## What to produce
Could you please transcribe the data exactly, without the pictures?

## Source material
★ ★ ★ ★ ★

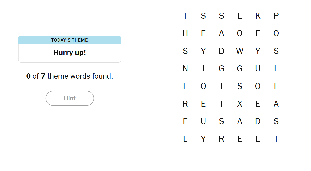 The goal is to find 7 theme words hidden in the grid. All the words relate to the idea of moving quickly or urging speed.
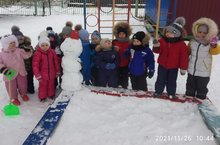 Дети из второй младшей Б группы слепили снеговика. Здорово получилось, молодцы!
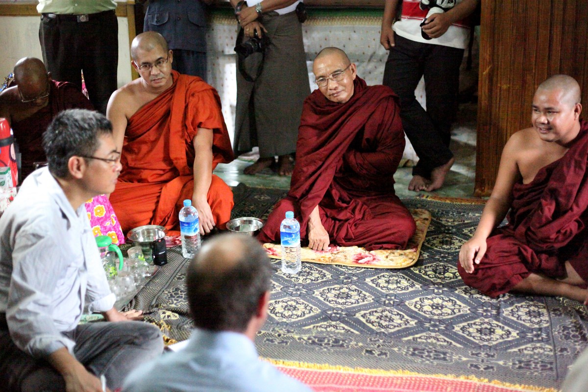 버마 아라칸 주 시뜨웨 시내에 자리잡은 쉐자디 사원 승려들이 2013년 당시 유엔버마인권보고관으로 현장 조사를 나온 토마스퀸타나 아르헨티나 인권변호사를 만나고 있다. 쉐자디 사원은 라까잉족 출신으로 대영식민정부에 저항했던 우 오타마 승려가 기거하던 사원이기도 하다. 간디 추종자였던 우 오타마의 대영투쟁은 식민정부에 납세거부운동과 같은 비폭력운동을 주로 벌여왔다. 오늘날 쉐자디 사원은 라까잉족들의 불교극우주의가 응집된 가장 상징적 구역이다. 이 사원의 승려들은 “벵갈리” (로힝야를 비하하는 말) 축출을 선두에서 외쳐왔다 (© Lee Yu Kyung 2016)

★ ★ ★ ★ ★

## Answer for the task
 The goal is to find 7 theme words hidden in the grid. All the words relate to the idea of moving quickly or urging speed.
 Дети из второй младшей Б группы слепили снеговика. Здорово получилось, молодцы!
 버마 아라칸 주 시뜨웨 시내에 자리잡은 쉐자디 사원 승려들이 2013년 당시 유엔버마인권보고관으로 현장 조사를 나온 토마스퀸타나 아르헨티나 인권변호사를 만나고 있다. 쉐자디 사원은 라까잉족 출신으로 대영식민정부에 저항했던 우 오타마 승려가 기거하던 사원이기도 하다. 간디 추종자였던 우 오타마의 대영투쟁은 식민정부에 납세거부운동과 같은 비폭력운동을 주로 벌여왔다. 오늘날 쉐자디 사원은 라까잉족들의 불교극우주의가 응집된 가장 상징적 구역이다. 이 사원의 승려들은 “벵갈리” (로힝야를 비하하는 말) 축출을 선두에서 외쳐왔다 (© Lee Yu Kyung 2016)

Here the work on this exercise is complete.